寻梦被押走时,余光瞥了一眼江玄之,只见他一脸沉凝,不曾看她。那模样……据她所知,好像是生气了。可她不曾做错什么,他为何要生气?她显然忘了,她曾经信誓旦旦答应江玄之会收敛性子,不会惹是生非,可临了,又惹出这般大的风波。

其实,她洞悉华昌和吴域的阴谋,完全可以不动声色地处理。可她偏偏凭一己之好,选择了最高调的处理方式,激化了矛盾,闹得如今这般不可开交。

第15章 第15章 妙手回春

江玄之回到御史府,还未踏进自己的院子,便嘱咐蓝羽:“派人去上林苑找一个墨色瓷瓶,务必要赶在旁人之前找到。”

这个旁人不是别人,正是指左相华廷。此次他一定会毁灭瓷瓶这个证据,咬住寻梦不放,进而牵扯到他,将这下毒之罪赖在他头上。

“诺。”蓝羽遵令而出。

“等等。”江玄之脱履进了内室,提笔在布帛上写了几个篆体小字,又将小布帛卷起来塞入竹管中,“用信鸽将消息传出去。”

蓝羽接过竹管:“寄往何处?”

“颍川。”江玄之遥望着暗色的夜空,“但愿还来得及。”

长安的牢狱大同小异。上林狱是这几年新建成的,牢房内洁净清爽,非京兆狱可比。这里的犯人不多,大多是陛下亲下谕令收押之人。狱卒也不敢动用私刑,免得无法向上面交待。

寻梦靠墙而坐,闭着眼假寐,无人窥见她眼中的聊赖。上次坐牢还有郭百年相陪,这次是一人独间的牢房,连个说话之人都没有。整日除了吃便是睡,一日两日她尚能熬过去,可数了数日子,已经五日了。

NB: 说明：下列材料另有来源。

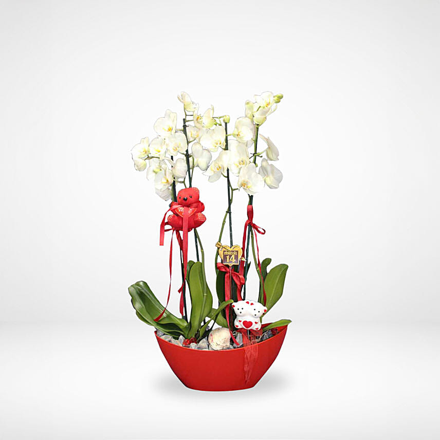 • Beautifully Arranged White Orchid plant in a Hot Red Pot

她抬起手,借着牢外的光线瞅着腕上的五色丝,腹诽道:江玄之,你到底会不会救我呢?

她随手抓起一把碎稻草,默默向自己打了个赌:若是单数就是不救,若是双数就是救。

“一、二、三……”她默默数着手中的稻草,数一根丢一根,“五十六、五十七、五十八……”

她怪自己心太狠,一把抓了太多稻草,越数越没底了,仿佛看不到希望。

“八十一。”两根指尖捏着最后一根稻草,她丧气道,“昨日求单数,却来了个双数。今日求双数,却来了个单数。”

她气恼地将稻草一折,远远一丢,总算成双了。

哗啦——牢门被人打开,狱卒面无表情宣了御旨:“查端午中毒案,御史少史寻无影虽未投毒害人,但知情不报,特罚俸一年,以儆效尤。”

寻梦领了旨意,凑上前讨好地问道:“敢问大哥,是何人查清了案子?”

“还能有谁?自然是全长安最擅推理断案的江御史了。”狱卒敷衍地答道,催促寻梦离开。

寻梦出了牢房,远远瞧见吴域被几人簇拥着,看年纪应当是他的亲人长辈。他察觉到寻梦的目光,复杂地与她对视一眼,终究一言不发随他们离去了。

回到御史府,寻梦意外在门口遇见一个女子。

那女子生得娇小玲珑,一袭青黄相衬的曲裾长裙,发间别着一支紫色蝴蝶珠钗,脸蛋圆圆的,肌肤如婴儿般白皙稚嫩,一双灵动而清澈的眼扑闪扑闪地眨着,好奇地打量着她:“你就是寻无影?”

她的声音宛如莺语,清脆之中又含有一丝甜腻,格外好听。

寻梦奇怪又戒备地瞧着她,御史府何时多了这样一位女子?

那女子也不解释,只道:“师兄在屋内。”

师兄……她竟然是江玄之的师妹?她朝着她点头示意,走了两步又反身问道:“他……心情如何?”